Mapping Environmental Justice: Using GIS and Citizen Science to Visualize Air Quality and Traffic Congestion in the South Bronx

Led by Katherine Gloede Silverman

Objective

The South Bronx suffers from air pollution due to heavy traffic. The Hunts Point Food Distribution Center and Last-Mile warehouses burden neighborhoods with emissions and noise. This project will use Counterpoint Truck Data in a GIS (Geographic Information Systems) program to visualize traffic hotspots/congested areas Identify trends, correlations, and truck routes based on data visualization.

Background

Launched in September 2023, the NYC Climate Justice Hub is a partnership between the City University of New York (CUNY)—the nation’s largest public urban university—and the NYC Environmental Justice Alliance (NYC-EJA)—a coalition of grassroots organizations who have led the fight for climate justice in NYC since 1991. By uniting CUNY and NYC-EJA, the Hub strengthens and fortifies just transition efforts led by frontline communities of color across NYC.

The Hub’s mission is to support NYC-EJA’s efforts to advance climate justice for New York City’s underserved, working-class Black and Brown communities. The Hub accomplishes this through the creation and the activation of new and existing trans-disciplinary systems and cross-sectoral networks that ensure CUNY robustly supports NYC-EJA—and the coalition of organizations and campaigns it brings together—in their efforts to accelerate “just transitions” in NYC. Through the creation of research teams, educational platforms, and a leadership development “vine,” the Hub prepares a generation of CUNY students to enter the workforce as climate leaders, operationalizes climate justice infrastructure at CUNY, and advances NYC-EJA’s transformative research agenda.

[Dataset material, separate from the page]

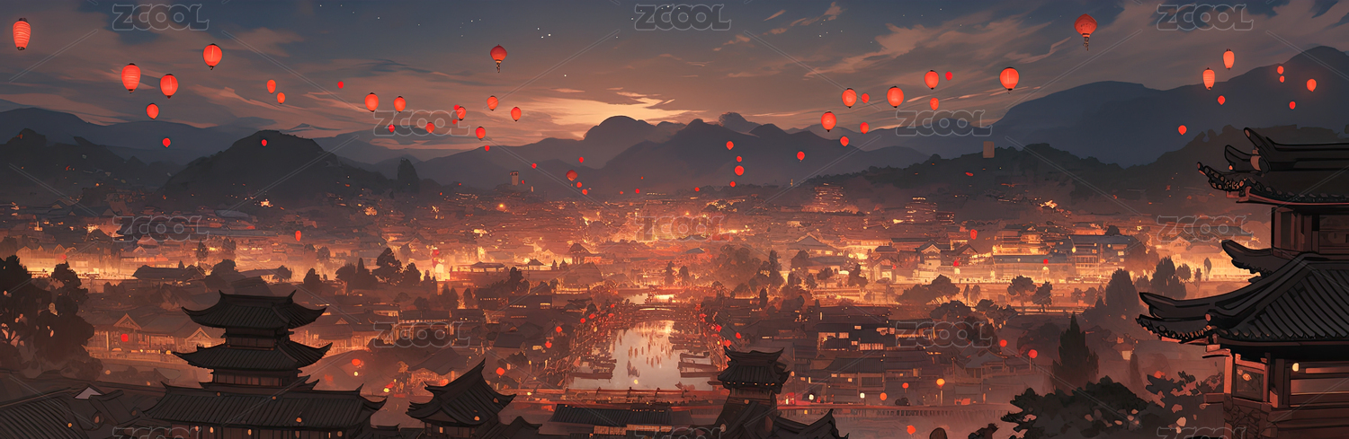户外,夜晚,光,建筑,照亮,城市,插画,节日,传统

The NYC Climate Justice Hub is the largest of several “hubs” that have been created around the nation through a series of generous grants from the Waverley Street Foundation. This initiative supports minority-serving universities to work with place-based environmental justice organizations to advance the interests and aspirations of frontline communities most impacted by climate change. The current grant under which the NYC Climate Justice Hub is operating is for a 2-year pilot (2023-2025), with opportunities for future funding. See more information here: https://centerforthehumanities.org/programming/nyc-climate-justice-hub. 

Suggested Approaches 

A GIS map visualizing traffic congestion and spatial analysis 

A meeting or panel with the Point CDC (raise public awareness and community-driven advocacy using community data)

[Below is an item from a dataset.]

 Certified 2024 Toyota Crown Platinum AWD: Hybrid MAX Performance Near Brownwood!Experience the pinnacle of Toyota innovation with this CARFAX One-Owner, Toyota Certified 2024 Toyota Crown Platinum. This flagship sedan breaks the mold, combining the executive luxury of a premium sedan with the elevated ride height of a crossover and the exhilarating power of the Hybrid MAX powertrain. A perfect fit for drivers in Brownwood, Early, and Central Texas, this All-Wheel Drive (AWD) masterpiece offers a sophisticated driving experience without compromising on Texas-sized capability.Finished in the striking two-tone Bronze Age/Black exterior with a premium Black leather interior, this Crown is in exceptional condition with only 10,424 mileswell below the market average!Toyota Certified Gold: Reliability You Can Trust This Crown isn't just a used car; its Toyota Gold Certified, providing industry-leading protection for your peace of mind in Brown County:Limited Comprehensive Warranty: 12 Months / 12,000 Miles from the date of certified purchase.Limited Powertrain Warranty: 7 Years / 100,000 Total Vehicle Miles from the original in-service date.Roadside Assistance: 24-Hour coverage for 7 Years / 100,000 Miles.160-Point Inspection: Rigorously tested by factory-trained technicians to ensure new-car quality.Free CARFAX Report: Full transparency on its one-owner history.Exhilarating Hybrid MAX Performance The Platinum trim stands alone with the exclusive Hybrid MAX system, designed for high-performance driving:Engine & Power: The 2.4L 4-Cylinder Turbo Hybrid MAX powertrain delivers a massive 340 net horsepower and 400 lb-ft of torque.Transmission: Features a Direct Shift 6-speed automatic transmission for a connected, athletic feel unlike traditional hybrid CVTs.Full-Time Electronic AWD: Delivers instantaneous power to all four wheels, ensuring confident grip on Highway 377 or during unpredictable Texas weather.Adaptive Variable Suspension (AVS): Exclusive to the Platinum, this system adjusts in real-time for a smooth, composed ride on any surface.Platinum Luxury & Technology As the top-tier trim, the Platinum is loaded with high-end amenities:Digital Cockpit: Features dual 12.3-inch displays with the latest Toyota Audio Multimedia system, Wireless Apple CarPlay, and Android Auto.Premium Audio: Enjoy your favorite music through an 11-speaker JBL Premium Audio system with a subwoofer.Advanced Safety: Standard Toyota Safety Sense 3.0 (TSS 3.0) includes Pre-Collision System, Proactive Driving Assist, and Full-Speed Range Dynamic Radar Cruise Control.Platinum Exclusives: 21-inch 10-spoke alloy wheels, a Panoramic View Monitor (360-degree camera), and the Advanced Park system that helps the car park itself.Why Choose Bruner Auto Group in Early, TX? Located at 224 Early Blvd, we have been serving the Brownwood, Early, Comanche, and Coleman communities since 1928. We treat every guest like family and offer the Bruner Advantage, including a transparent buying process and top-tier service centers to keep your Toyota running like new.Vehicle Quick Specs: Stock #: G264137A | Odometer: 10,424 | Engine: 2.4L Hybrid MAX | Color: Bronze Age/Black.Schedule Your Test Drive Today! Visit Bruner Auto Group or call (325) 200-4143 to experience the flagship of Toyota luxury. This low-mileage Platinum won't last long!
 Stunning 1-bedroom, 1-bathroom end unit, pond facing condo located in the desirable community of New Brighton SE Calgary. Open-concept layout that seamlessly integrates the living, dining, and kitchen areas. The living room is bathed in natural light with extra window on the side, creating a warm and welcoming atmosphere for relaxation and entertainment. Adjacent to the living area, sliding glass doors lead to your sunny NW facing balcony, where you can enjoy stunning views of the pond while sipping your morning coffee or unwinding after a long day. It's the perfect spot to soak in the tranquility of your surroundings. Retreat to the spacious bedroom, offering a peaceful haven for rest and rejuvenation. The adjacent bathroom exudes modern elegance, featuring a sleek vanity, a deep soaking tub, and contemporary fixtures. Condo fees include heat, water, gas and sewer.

A final report combining takeaways from map visualization and community data, literature review on environmental justice in NYC, and next steps.

NATURE-BASED SOLUTIONS FOR URBAN SUSTAINABILITY AND RESILIENCE: EVALUATING GREEN INFRASTRUCTURE’S CO-BENEFITS IN MANHATTAN

OBJECTIVE. Evaluate the feasibility of green infrastructure (e.g., rooftop gardens, urban gardens, green streets) in Manhattan to enhance urban sustainability and resiliency through co-benefits (e.g. energy conservation, water retention, carbon sequestration, public health, and urban agriculture. Quantify the benefits of these interventions to demonstrate their value in alignment with ONENYC 2050 and the UN’s SDGs.

BACKGROUND. Nature-based green infrastructure offers substantial environmental and social benefits that can simultaneously advance many of NYC’s resiliency and sustainability goals. However implementation is often limited due to a lack of comprehensive shared data—both qualitative and quantitative—that demonstrates its full potential for multiple stakeholders. Additionally, challenges arise from fragmented communication and coordination between city agencies, as well as unclear guidance for private entities and homeowners. This project seeks to integrate nature-based green infrastructure into the city’s broader sustainability framework by identifying opportunities for synergies—investments that can address multiple city goals, such as stormwater management, urban cooling, and food system resiliency—thereby maximizing return on investment. Rooftops, sidewalks, and courtyards in Manhattan represent prime but underutilized opportunities for green infrastructure integration.
This project aims to address these challenges by creating a framework for evaluating the co-benefits of nature-based green infrastructure in urban areas. The study will use mapping to identify optimal sites for various green infrastructure types. This process will align the goals of diverse stakeholders—from city agencies to developers to home-owners—using a shared vocabulary and clear metrics, enabling collaboration and coordination to maximize the impact of these projects.

SUGGESTED APPROACHES

Comparative Analysis: Analyze findings to identify synergies in the implementation of green infrastructure and opportunities to share resources across city budgets for more efficient spending.
● SDGs Addressed: Goal 3-Good Health And Well-Being, Goal 8- Decent Work and Economic Growth, Goal 11-Sustainable Cities and Communities, Goal 13-Climate Action
● OneNYC2050 Goals Addressed: A Livable Climate, Healthy Lives, Thriving Neighborhoods,

GIS Mapping: Identify high-potential sites across Manhattan for nature-based green infrastructure, applicable to new constructions and retrofits, based on spatial and environmental factors.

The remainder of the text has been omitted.